“Howard Zinn
and Lois Mottonen Fistfight in the Equality State.”
That’s the
title of my fourth book, released on the first anniversary of Lois’s death. Her
memoir is published by WordsWorth Publishers of Cody, Wyoming. The book is
available be emailing me at rmc81448@gmail.com or at https://wordsworthpublishing.com/catalog/
This
remarkable woman called me in 2014. She read my book “Dying for Joe McCarthy’s
Sins: The Suicide of Wyoming Senator Lester Hunt.” Lois wanted me to write a
book for her. Lois didn’t have a clear vision. She was generally thinking of a
book about the lives of women in Wyoming.
I declined,
believing a book about Wyoming women ought to be written by a woman.
Lois called
again, in 2016, this time more certain. The older she got, the more anguished
she became about the lives of woman, racial and cultural minorities in what is
euphemistically called “the Equality State.” She wanted to tell their stories.
Her
grandparents emigrated from Finland in the late 1800s. She grew up during the
Depression and World War II. Lois lived in the old mining camp, Winton, and
attended school in Rock Springs before heading to the University of Wyoming.
Despite
graduating with honors and becoming the second Wyoming woman to earn an
accountancy certificate, Lois found firms in Cheyenne or Denver unwilling to
hire a woman.
Between Lois
and her family, the Mottonen’s lived in Wyoming from the beginning. She was
offended by the effort of the 2nd Territorial Legislature to repeal
the right to vote given women by the 1st Territorial Legislature.
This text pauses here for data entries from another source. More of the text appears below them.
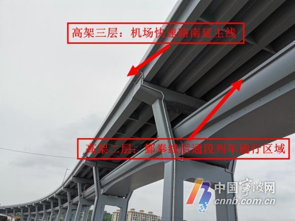 “這,既是地鐵站的頂部,同時也是快速路南延主線的行車路面。”寧波軌道交通建設(shè)分公司業(yè)主代表王國金告訴記者,鄞奉線與寧波機場快速路南延合建于同一高架橋梁上,底層為地面道路,高架二層為軌道交通寧奉城際線,高架三層為機場快速路南延主線,共建段的土建工程由寧波機場快速路南延工程代建。
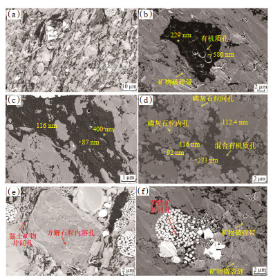3.2 储集空间成因机制 3.2.1 原始孔隙组成页岩的孔隙演化经历了原始沉积作用和后生成岩改造作用2个阶段,主要讨论原始沉积阶段形成高孔隙的条件,即有机质、矿物组成等物质组分与高孔隙的关系。吴三段地层沉积期,槽内远离物源、欠补偿深水和火山物质输入的沉积条件决定了二叠系页岩富硅富碳的特征,在与龙马溪组相同埋深及成熟度条件的页岩相比,吴家坪组保存了现今高有机质、高孔隙度、多孔隙类型的页岩。吴三段页岩有机质孔发育,无机质孔欠发育,扫描电镜下干酪根常与片状黏土矿物混合,在热演化过程中形成长条状有机孔,油裂解形成的沥青充填在矿物粒间孔和裂缝中。吴三段形成的有机质孔占比达到80%,孔径在几纳米和数百纳米均有发育,以1~100 nm为主,发育少量200 nm的孔隙(图 10a—10c);无机质孔主要为粒内溶蚀孔和矿物粒间孔,以100~500 nm为主,多处可见1~2 μm孔隙。粒间孔主要发育方解石矿物边缘与表面、黏土矿物片间孔隙,以及磷灰石、黄铁矿发育的大量粒间孔(图 10d),除方解石表面的溶蚀孔(图 10e),黄铁矿内还可见矿物颗粒溶蚀形成的铸模孔(图 10f)。此外,吴三段页岩微裂隙空间也较发育,宽数十纳米至数微米,具有较好的延伸性和开放性,矿物中的微裂缝、矿物边缘的差异收缩缝和破碎带缝等共同形成连通性较好的气体储集空间。
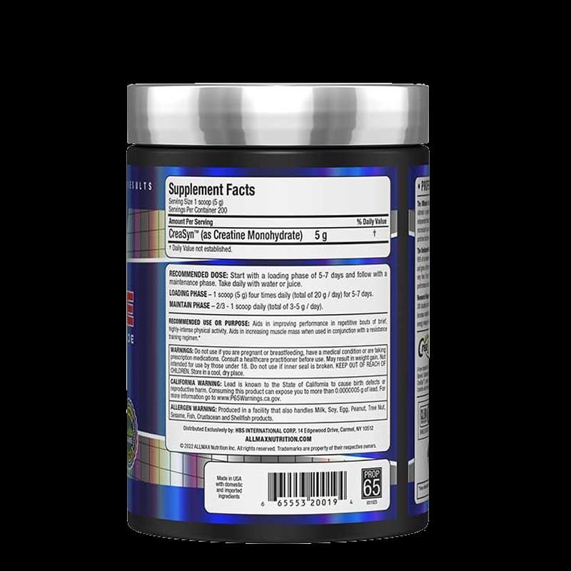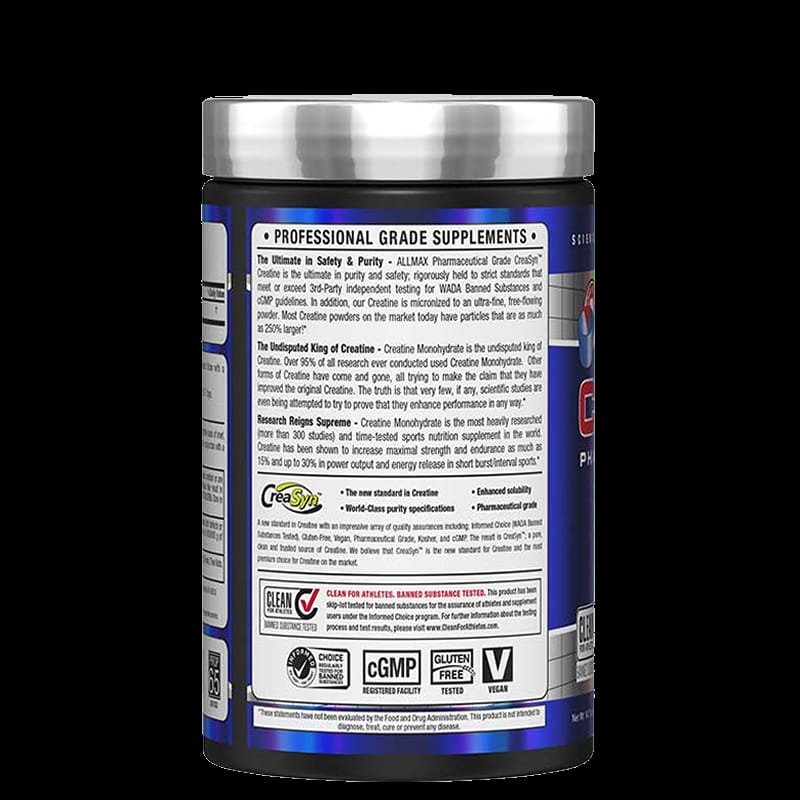 Creatina de ALLMAX es un producto hecho a base de polvo micronizado. Estudios demuestran que el aumento del nivel de creatina ayuda a retrasar la aparición de la fatiga, aumenta el metabolismo energético en las células musculares y mejora la capacidad general de entrenamiento del cuerpo.

She celebrated Nellie Tayloe Ross’s being elected first woman governor but
bemoaned that a woman was never again permitted to serve.
Lois was
outraged by the Black 14 incident and the murder of Matthew Shepard and the
unwillingness of Wyoming politicians to enact a hate crimes law. Having been
victimized by employer discrimination, she was appalled by the wage gender gap.
Lois was
looking for a writer who shared her belief that calling Wyoming “the Equality
State” doesn’t make it so.
For nearly
two years, Lois and I met every Monday afternoon. I listened. She told her
story and the stories of her parents and grandparents, telling of their
struggles, connecting her personal experiences to the stories of
tens-of-thousands of Wyoming people who are kicked to the curb because of their
skin color, gender, sexual orientation, religious beliefs or other
characteristics that don’t line up with the contrived cowboy image to which
many want to cling.
Lois wanted Howard Zinn the tell the story. He wasn’t available. So, she
asked me.
“Howard Zinn…meet Wyoming.” Professor
Zinn’s “A People’s History of the United States: 1492-Present,” is an honest
look at U.S. history, the sort of which Lois wanted for Wyoming. Sherman
Alexie’s classic, “The Lone Ranger and Tonto Fistfight in Heaven,” provided
readers a glimpse into the importance of symbols and images in building a
non-existent reality. It seemed appropriate to carve this book’s title from
those.
“Howard Zinn and Lois Mottonen
Fistfight in the Equality State,” attempts a Zinn-like history of how Wyoming’s
women, working people, racial, ethnic, and religious minorities are treated,
posing the troubling question Alexie asked in his poem entitled “Hymn.”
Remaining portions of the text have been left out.